Seamlessly transform target values
Since mlforecast uses a single global model it can be helpful to apply
some transformations to the target to ensure that all series have
similar distributions. They can also help remove trend for models that
can’t deal with it out of the box.
Data setup
For this example we’ll use a single series from the M4 dataset.
import matplotlib.pyplot as plt
import numpy as np
import pandas as pd
from datasetsforecast.m4 import M4
from sklearn.base import BaseEstimator
from mlforecast import MLForecast
from mlforecast.target_transforms import Differences, LocalStandardScaler
data_path = 'data'
await M4.async_download(data_path, group='Hourly')
df, *_ = M4.load(data_path, 'Hourly')
df['ds'] = df['ds'].astype('int32')
serie = df[df['unique_id'].eq('H196')]
Transformations applied per series
Differences
We’ll take a look at our series to see possible differences that would
help our models.
def plot(series, fname):
n_series = len(series)
fig, ax = plt.subplots(ncols=n_series, figsize=(7 * n_series, 6), squeeze=False)
for (title, serie), axi in zip(series.items(), ax.flat):
serie.set_index('ds')['y'].plot(title=title, ax=axi)

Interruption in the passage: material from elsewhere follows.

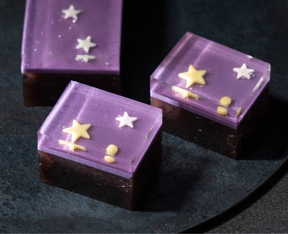 夏の夜に輝く星を透きとおる琥珀羹にとじこめ、風味豊かな小倉羹と合わせた二層羊羹。

fig.savefig(f'../../figs/{fname}', bbox_inches='tight')
plt.close()
plot({'original': serie}, 'target_transforms__eda.png')
We can see that our data has a trend as well as a clear seasonality. We
can try removing the trend first.
fcst = MLForecast(
models=[],
freq=1,
target_transforms=[Differences([1])],
)
without_trend = fcst.preprocess(serie)
plot({'original': serie, 'without trend': without_trend}, 'target_transforms__diff1.png')
The trend is gone, we can now try taking the 24 difference (subtract the
value at the same hour in the previous day).
fcst = MLForecast(
models=[],
freq=1,
target_transforms=[Differences([1, 24])],
)
without_trend_and_seasonality = fcst.preprocess(serie)
plot({'original': serie, 'without trend and seasonality': without_trend_and_seasonality}, 'target_transforms__diff2.png')
LocalStandardScaler
We see that our series is random noise now. Suppose we also want to
standardize it, i.e. make it have a mean of 0 and variance of 1. We can
add the LocalStandardScaler transformation after these differences.
fcst = MLForecast(
models=[],
freq=1,
target_transforms=[Differences([1, 24]), LocalStandardScaler()],
)
standardized = fcst.preprocess(serie)
plot({'original': serie, 'standardized': standardized}, 'target_transforms__standardized.png')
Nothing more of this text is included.